Na opinião de Morton, as pessoas podiam ser divididas em cinco raças, que representavam actos separados de criação. As raças tinham personalidades diferentes, que correspondiam à sua posição numa hierarquia divinamente determinada. A “craniometria” de Morton deduzia que os brancos ou “caucásicos” eram a mais inteligente das raças. Um degrau abaixo, embora “engenhosos” e “susceptíveis de serem educados”, encontravam-se os nativos da Ásia Oriental. Seguiam-se os indivíduos do Sudeste Asiático e depois os nativo-americanos. Os negros, ou “etíopes”, estavam no fim da lista. À data da guerra civil norte-americana, as ideias de Morton foram rapidamente adoptadas pelos defensores da escravatura.

Os crânios da colecção de Samuel Morton, pai do racismo científico, ilustram a sua classificação das pessoas em cinco raças que, segundo ele, surgiram em actos separados de criação. Da esquerda para a direita, uma mulher negra e um homem branco, ambos norte-americanos; um homem nativo do México; uma mulher chinesa; e um homem malaio.

“Teve muita influência, sobretudo no Sul”, comenta Paul Wolff Mitchell, antropólogo da Universidade da Pensilvânia enquanto me mostra a colecção de crânios. Estamos diante da caixa craniana de um holandês com a cabeça particularmente grande, que contribuiu para inflacionar a estimativa de Morton relativamente às capacidades “caucásicas”. Quando Morton morreu, em 1851, o “Charleston Medical Journal”, da Carolina do Sul, elogiou-o por “atribuir aos pretos a sua verdadeira posição como raça inferior”.

Actualmente, Morton é conhecido como o pai do racismo científico. Uma visita a esta colecção é uma experiência perturbante, tantos são os horrores dos séculos mais recentes que podem remontar à ideia de uma raça ser inferior a outra. Em certa medida, ainda vivemos com o legado de Morton: as distinções raciais ainda moldam a nossa política, os nossos bairros e a nossa noção de identidade.

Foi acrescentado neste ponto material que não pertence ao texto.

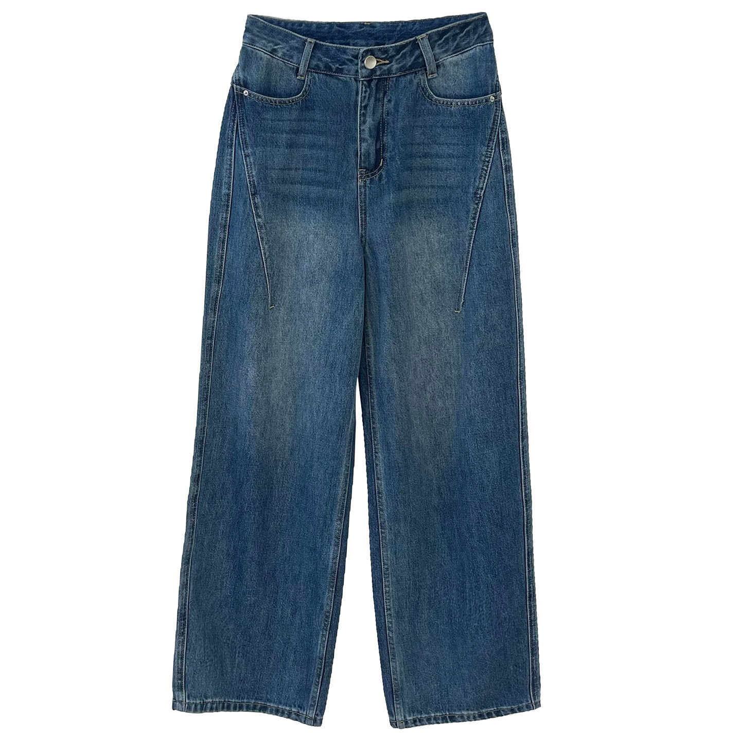 📚 高腰显瘦工装弯刀牛仔裤女秋冬2025新款宽松直筒阔腿裤香蕉镰刀裤
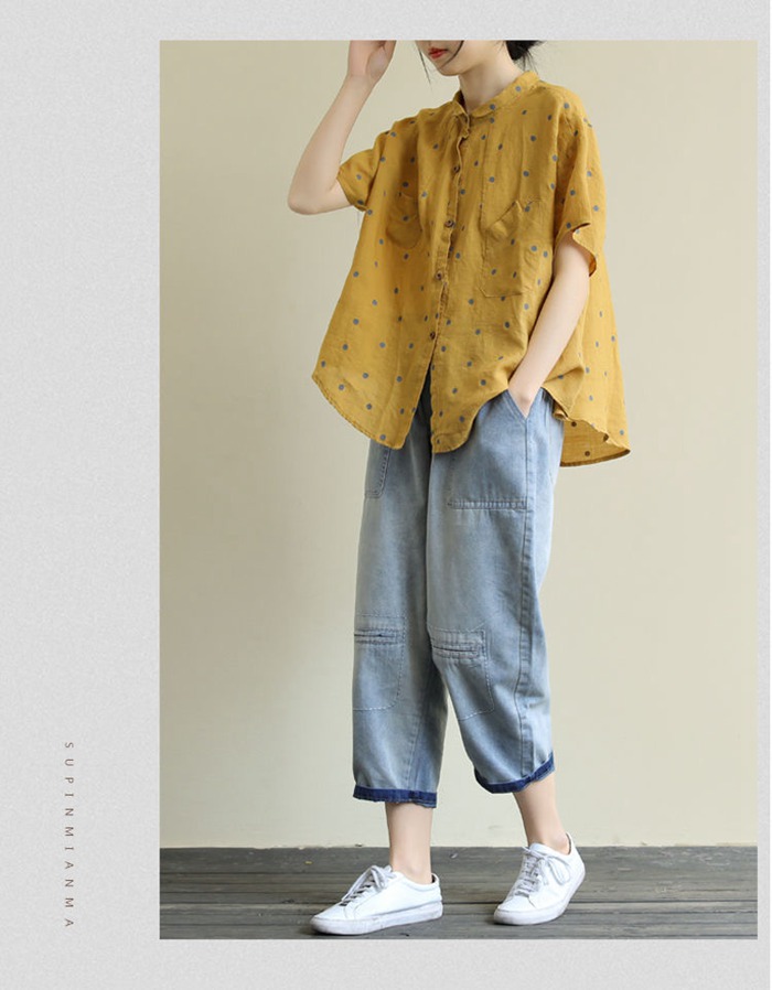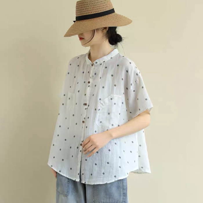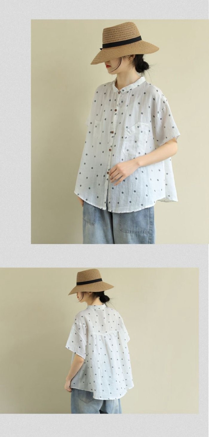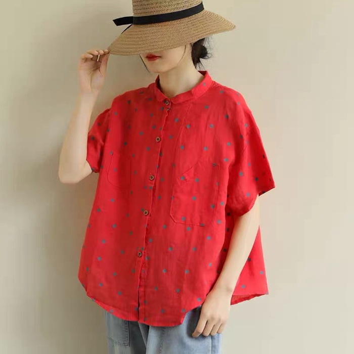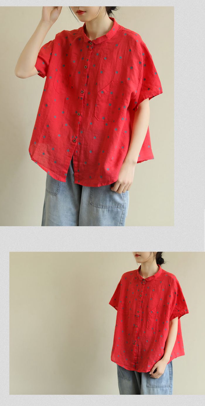 綿麻風 シャツ ブラウス 半袖 シャツ

E isto continua a acontecer, embora aquilo que a ciência efectivamente tem para nos contar sobre a raça seja exactamente o contrário do que Morton defendia.

Morton convenceu-se de que identificara diferenças imutáveis e hereditárias entre as pessoas, mas na altura em que ele desenvolveu o seu trabalho – pouco antes de Charles Darwin apresentar a sua teoria da evolução e muito antes da descoberta do DNA – os cientistas não faziam a menor ideia de como as características eram transmitidas. Os especialistas em genética, entretanto, afirmam agora que toda a categoria de raça está errada. Quando os cientistas reconstituíram o primeiro genoma humano completo – tarefa realizada graças a uma composição do DNA de vários indivíduos –, recolheram deliberadamente amostras de indivíduos que se auto-identificaram como pertencendo a raças diferentes.

Em Junho de 2000, quando os resultados foram anunciados, Craig Venter, pioneiro do sequenciamento de DNA, concluiu: “O conceito de raça não tem fundamento genético ou científico.”

Nas últimas décadas, a investigação genética revelou duas verdades profundas sobre os seres humanos. Em primeiro lugar, todos os seres humanos são parentes próximos. Mais próximos até do que todos os chimpanzés. Todos partilham a mesma colecção de genes, mas, à excepção dos gémeos idênticos, todos têm versões ligeiramente diferentes de alguns deles. Estudos desta diversidade genética permitiram aos cientistas reconstruir uma espécie de árvore genealógica das populações humanas. E esta revelou a segunda verdade profunda: de uma forma muito concreta, todas as pessoas hoje vivas são africanas.